WORK TO BE COMPLETED:
When the data below is printed, every line must match exactly and the images must be absent.

COLLECTED DATA:
————

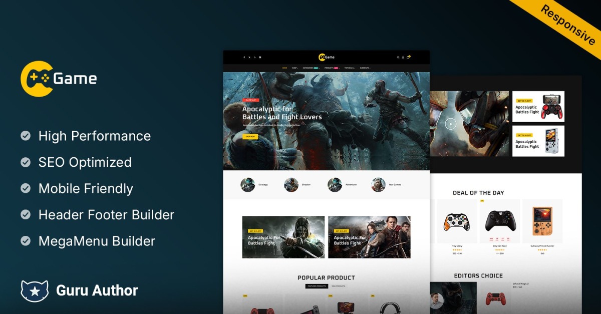 Ми створили Gamestore, елемент онлайн-ігор або тему комерції, яка найкраще підходить для відеоігор, відео, DVD, ігрових контролерів, музики, гаджетів, спорту, фільмів, заходів, розваг та інших продуктів, як-от обладнання, оскільки ми вважаємо, що Веб-сайт ринку відеоігор потребує модернізації. Редагувати кожну підсторінку легко. Зразок даних надається разом із ним, тож ви можете швидко й легко встановити цю тему у своєму бізнесі, щоб вона виглядала точно як наш приклад магазину. Інструкції зі встановлення включені в пакет тем, щоб ви могли налаштувати цю тему у своєму магазині WooCommerce. Ми віримо, що ця тема дозволить вам створити найбільш оригінальний і естетично привабливий ігровий магазин.
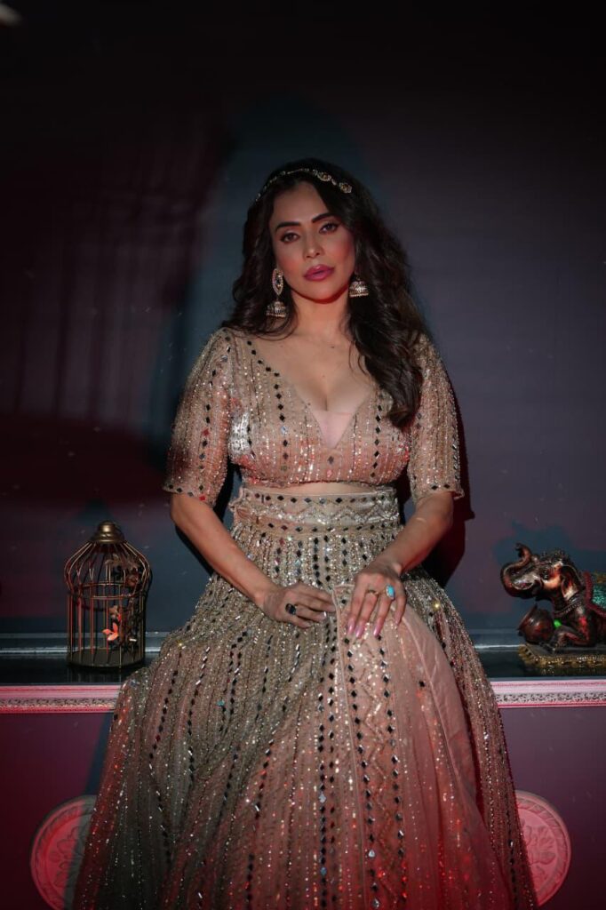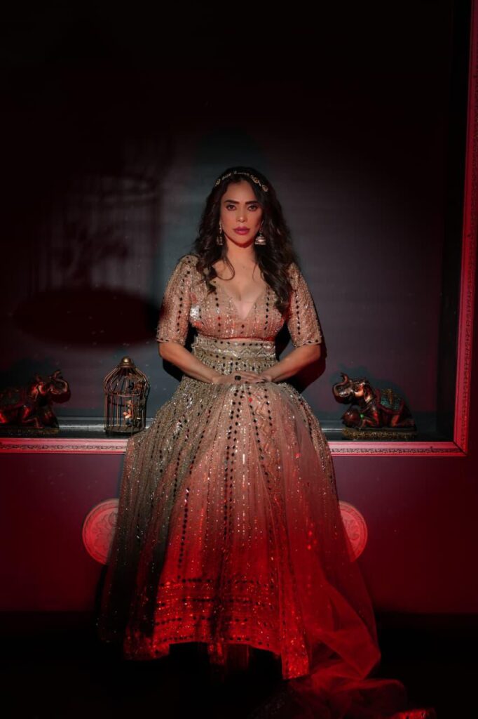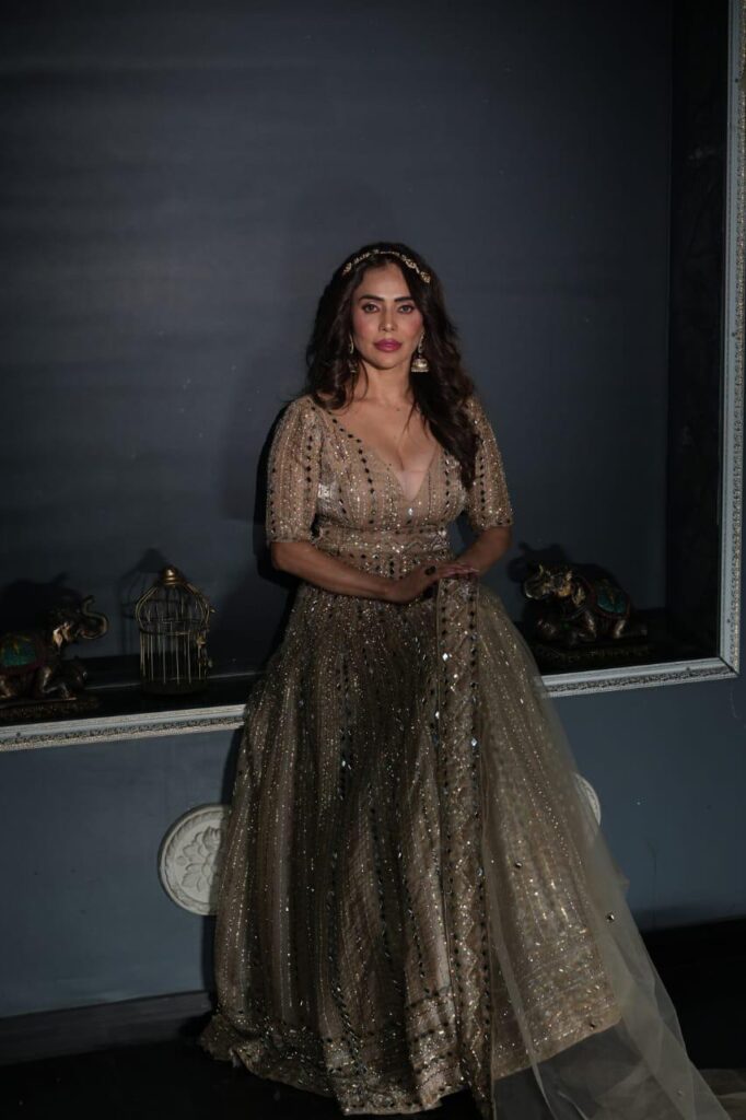 Dressed in a breathtaking golden embellished gown, layered with intricate mirror work and delicate sequin detailing, Nikita looked nothing short of ethereal. The deep neckline added a touch of bold elegance, while the flowing silhouette created a dreamy aura that sparkled under the spotlight.
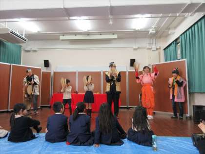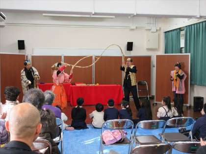 4つ目の出し物は、南京玉すだれという曲芸でした。子どもたち、地域の方や校長先生も仲間に入れられて、色んな形をつくっていました。最後は皿回し体験でした。お世話してくださった生涯学習ルームの皆様本当にありがとうございました。子どもたちも地域の皆さんも大喜びでした。
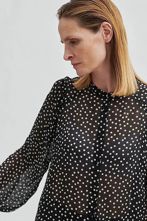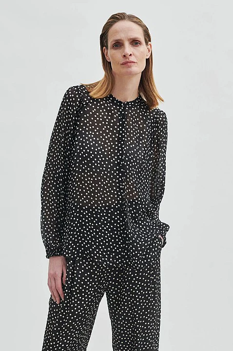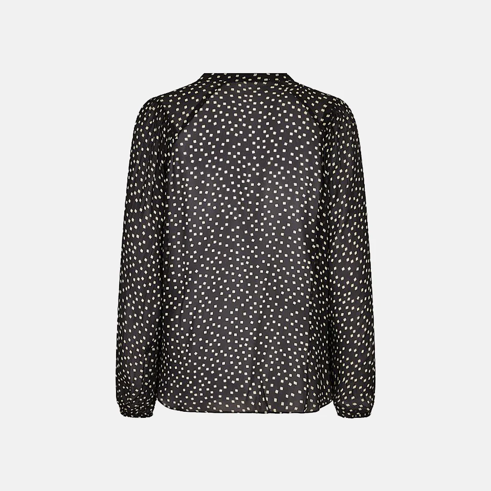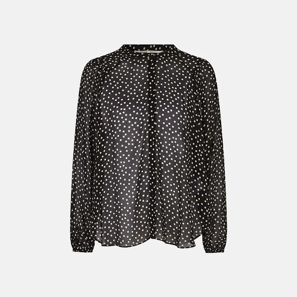 Speelse blouse met blokjes print. De blouse heeft een ronde hals en een knoopsluiting.

————

ANSWER:
 Ми створили Gamestore, елемент онлайн-ігор або тему комерції, яка найкраще підходить для відеоігор, відео, DVD, ігрових контролерів, музики, гаджетів, спорту, фільмів, заходів, розваг та інших продуктів, як-от обладнання, оскільки ми вважаємо, що Веб-сайт ринку відеоігор потребує модернізації. Редагувати кожну підсторінку легко. Зразок даних надається разом із ним, тож ви можете швидко й легко встановити цю тему у своєму бізнесі, щоб вона виглядала точно як наш приклад магазину. Інструкції зі встановлення включені в пакет тем, щоб ви могли налаштувати цю тему у своєму магазині WooCommerce. Ми віримо, що ця тема дозволить вам створити найбільш оригінальний і естетично привабливий ігровий магазин.
 Dressed in a breathtaking golden embellished gown, layered with intricate mirror work and delicate sequin detailing, Nikita looked nothing short of ethereal. The deep neckline added a touch of bold elegance, while the flowing silhouette created a dreamy aura that sparkled under the spotlight.
 4つ目の出し物は、南京玉すだれという曲芸でした。子どもたち、地域の方や校長先生も仲間に入れられて、色んな形をつくっていました。最後は皿回し体験でした。お世話してくださった生涯学習ルームの皆様本当にありがとうございました。子どもたちも地域の皆さんも大喜びでした。
 Speelse blouse met blokjes print. De blouse heeft een ronde hals en een knoopsluiting.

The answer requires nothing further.